Conditions for tubular hypersurfaces to be a Riemannian product Let $(M,g)$ be a Riemannian manifold of dimension $n$ and $P$ a submanifold of dimension $k.$ Let us define the tube of radius $r$ about $P$ by
$$T(P,r):=\{x\in M: d(x,P)\le r\}$$ and the tubular hypersurface at distance $t$ from $P$ by
$$P_t=\{x\in T(P,r):d(x,P)=t\}.$$ 
Let $p\in P$ be a point of the submanifold, $u\in T^{\perp}P$ a unit vector field and $\gamma(t)=exp_p(tu)$ the geodesic defined by $\gamma(0)=p$ and $\gamma'(0)=u.$
Let $\omega$ be the volumen element of $M,$ $dP$ that of $P,$ and $du$ that of the unit sphere $S^{n-k-1}.$ The infinitesimal change of volume function in the direction $u$ is the real function $\theta_u(t)$ defined by $\omega(\gamma(t))=\theta_u(t) du\wedge dP\wedge dt.$
It is knwon that $\theta_u$ satisfies
$$\frac{\theta_u'(t)}{\theta_u(t)}=-\left(\frac{n-k-1}{t}+\mathrm{tr}(S(t))\right),$$ where $S(t)$ is the second fundamental form of the hypersurface $P_t.$ 
It is known $\theta_u(0)\equiv 1$ for any $u.$ Can we say something if $\theta_u(t)\equiv 1$ independently of $t$ and $u?$ That is, if $\mathrm{tr}(S(t))=\frac{n-k-1}{t}$ independently of $t$ and $u.$ This would imply $\omega(\gamma(t))= du\wedge dP\wedge dt.$
The only example I can think of, satisfying these conditons, is when the tubular hypersurfaces are Riemannian products, that is, $P_t=P\times \mathbb{S}^{n-k-1}(t).$ To me the assumptions are very strong, and I think this could be the only possibility, at least locally.
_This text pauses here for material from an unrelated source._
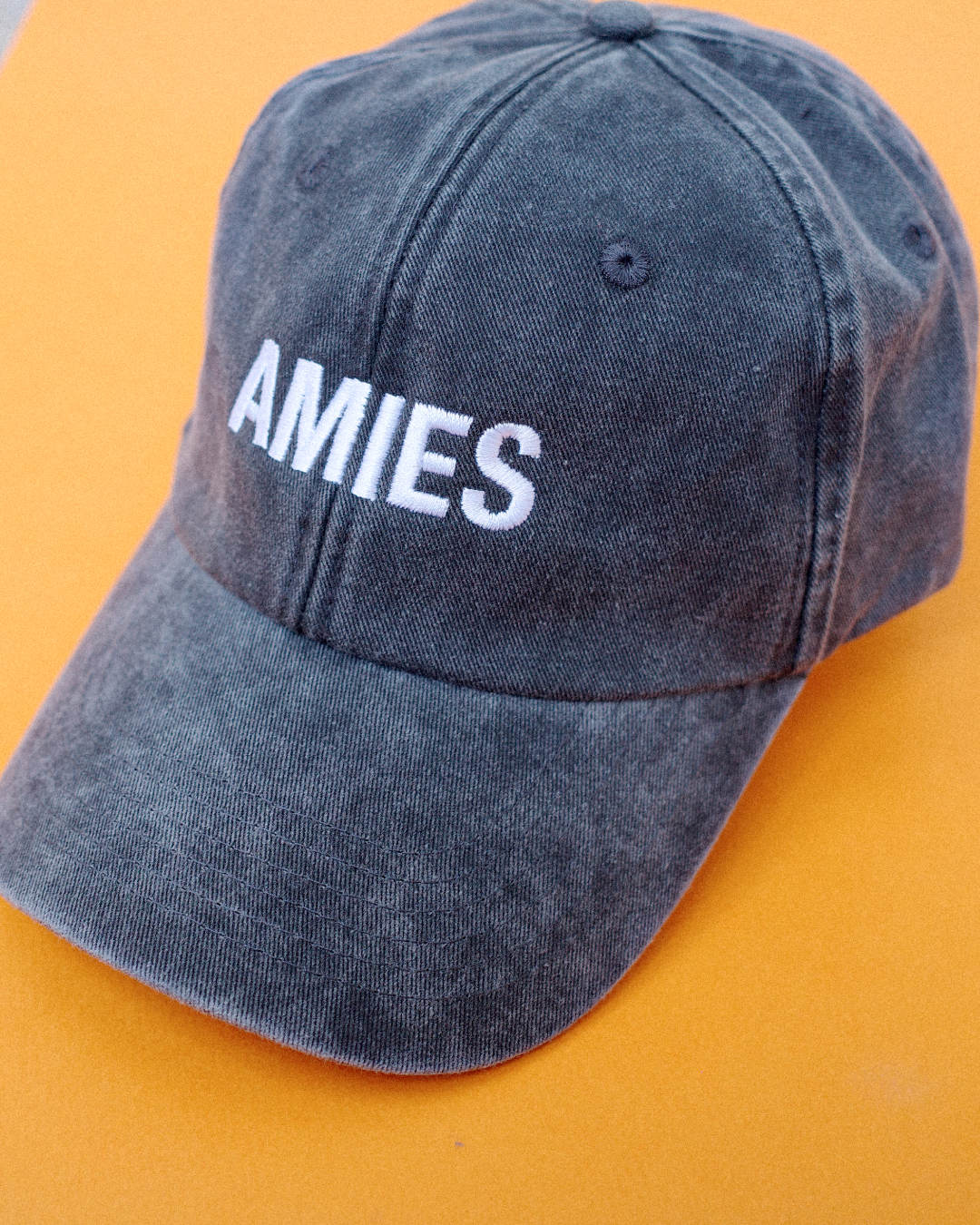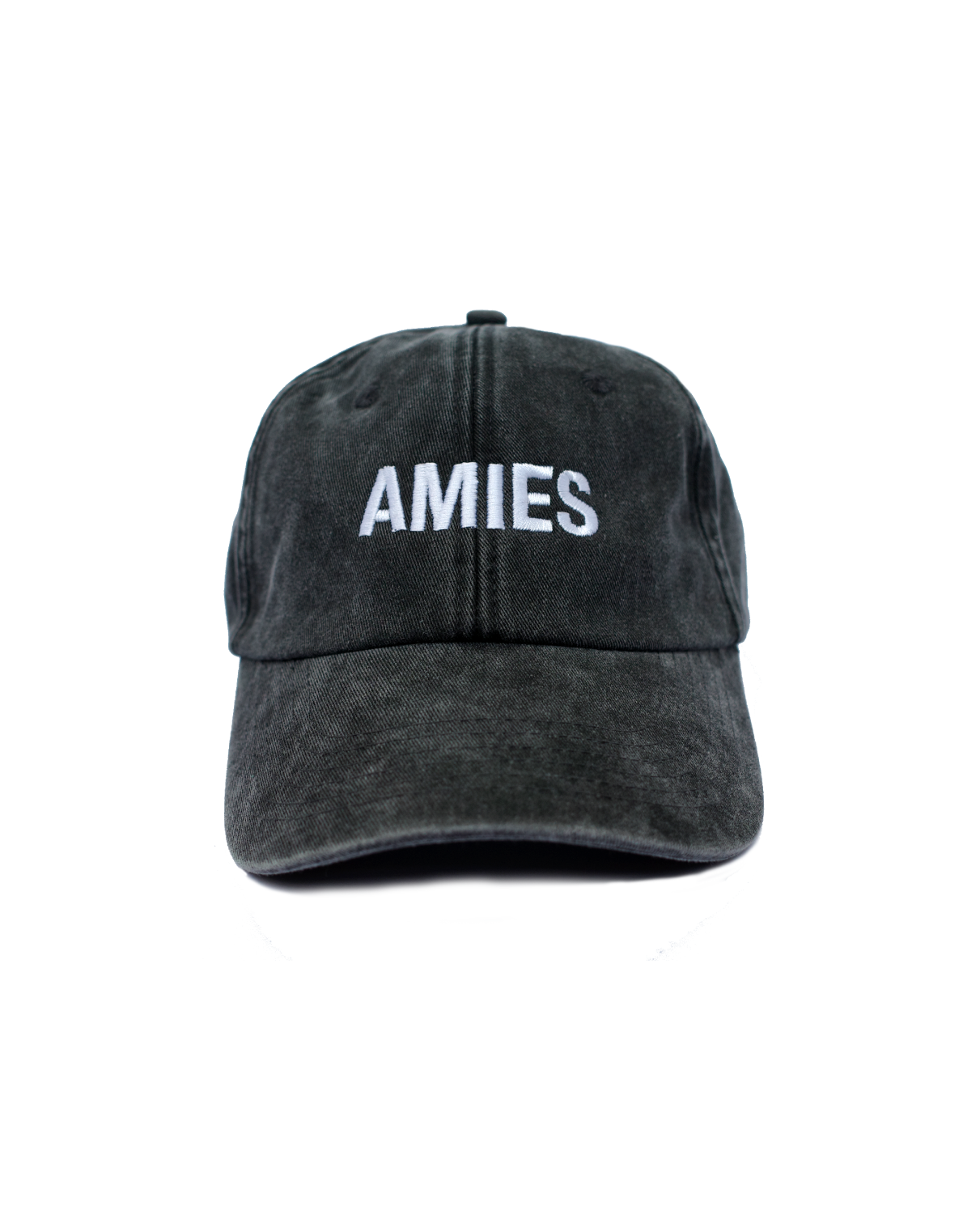 Le logo du podcast AMIES est ici brodé sur une casquette noire délavée en 100% coton drill lourd brossé. Son système de sangle permet de s'adapter à toutes tailles !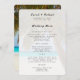 Big palm tree wedding menu template with speciality paper upgrade options. This menu will be printed on card stock and comes with white envelopes. Palm tree at the tropical ocean shore is the background image on front, and in full colour on the reverse. Easily fill in the templates to complete reception menu courses.

But, is this the only possible situation? Or is it a naive idea to expect such a situation? Any hint to show that tubular hypersurfaces must be Riemannian products or to construct a counterexample is welcome.
 A: Here is the counterexample. 
Consider the metric on the tangent bundle $TS^2$ of the 2-sphere, given by the Riemannian submersion $S^3\times (R^2,g) \to S^3\times (R^2,g)/S^1$, where $S^3$ is the 3-sphere of unit quaternions, and $S^1$ acts on it (as usual) by multiplications by unit complex numbers (same action on $R^2$ identified with $C$). 
Submanifold $P(0)$ is the zero-section of $TS^2$ diffeomorphic to $S^2$, while the boundary $P(t)$ of its tubular neighborhood is diffeomorphic to a 3-dimensional sphere (which is already, not a direct product). 
If we choose the metric $g$ on $R^2$ in polar coordinates $(t,\phi)$ given by $dt^2 + t^2(1+4t^2)d\phi^2$, then the fibers (images of $(R^2,g)$ under submersion above) of the metric projection $TS^2$ to its zero section $P(0)$ (which is another Riemannian submersion) are totally geodesic submanifolds isometric to flat plane, and spheres $S^{n-k-1}(t)=S^1(t)$ would be of length $2\pi t$, so that the condition $\theta_u(t)\equiv 1$ holds. Also $P(t)$ (which is diffeomorphic to  $S^3$, homogeneous and of positive sectional curvature) is not a direct product even locally, since the holonomy of the  bundle $TS^2$ is not trivial.